> DIRECTIONS FOR THIS TASK:
A faithful copy without images is required: write out all the records exactly.

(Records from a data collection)
^^^^^^^^

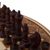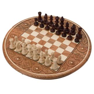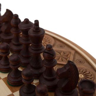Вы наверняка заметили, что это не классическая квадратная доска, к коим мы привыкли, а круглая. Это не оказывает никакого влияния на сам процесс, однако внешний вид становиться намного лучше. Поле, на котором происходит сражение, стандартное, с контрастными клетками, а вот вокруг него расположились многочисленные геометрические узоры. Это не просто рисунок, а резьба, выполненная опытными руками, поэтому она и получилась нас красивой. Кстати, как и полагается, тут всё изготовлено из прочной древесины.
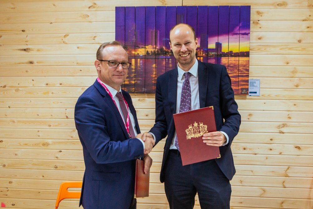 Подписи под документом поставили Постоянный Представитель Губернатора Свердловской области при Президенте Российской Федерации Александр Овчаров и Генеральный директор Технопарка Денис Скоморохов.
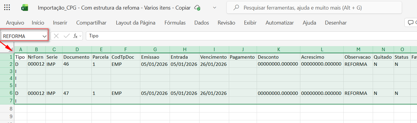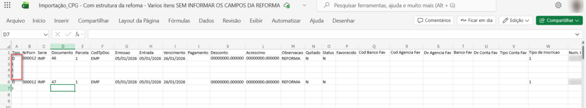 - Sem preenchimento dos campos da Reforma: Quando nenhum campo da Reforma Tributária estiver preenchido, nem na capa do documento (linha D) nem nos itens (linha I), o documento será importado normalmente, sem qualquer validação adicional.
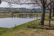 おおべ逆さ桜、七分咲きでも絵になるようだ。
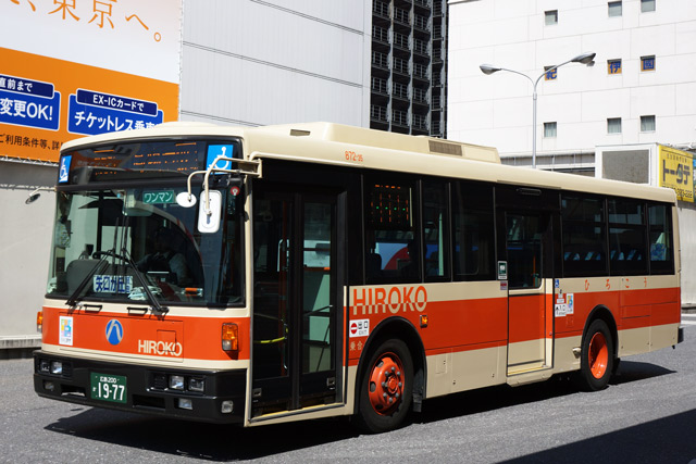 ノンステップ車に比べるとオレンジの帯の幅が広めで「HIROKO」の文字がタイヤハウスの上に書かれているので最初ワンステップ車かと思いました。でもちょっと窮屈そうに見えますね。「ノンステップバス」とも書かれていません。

^^^^^^^^

> WRITTEN SOLUTION:
Вы наверняка заметили, что это не классическая квадратная доска, к коим мы привыкли, а круглая. Это не оказывает никакого влияния на сам процесс, однако внешний вид становиться намного лучше. Поле, на котором происходит сражение, стандартное, с контрастными клетками, а вот вокруг него расположились многочисленные геометрические узоры. Это не просто рисунок, а резьба, выполненная опытными руками, поэтому она и получилась нас красивой. Кстати, как и полагается, тут всё изготовлено из прочной древесины.
 Подписи под документом поставили Постоянный Представитель Губернатора Свердловской области при Президенте Российской Федерации Александр Овчаров и Генеральный директор Технопарка Денис Скоморохов.
 - Sem preenchimento dos campos da Reforma: Quando nenhum campo da Reforma Tributária estiver preenchido, nem na capa do documento (linha D) nem nos itens (linha I), o documento será importado normalmente, sem qualquer validação adicional.
 おおべ逆さ桜、七分咲きでも絵になるようだ。
 ノンステップ車に比べるとオレンジの帯の幅が広めで「HIROKO」の文字がタイヤハウスの上に書かれているので最初ワンステップ車かと思いました。でもちょっと窮屈そうに見えますね。「ノンステップバス」とも書かれていません。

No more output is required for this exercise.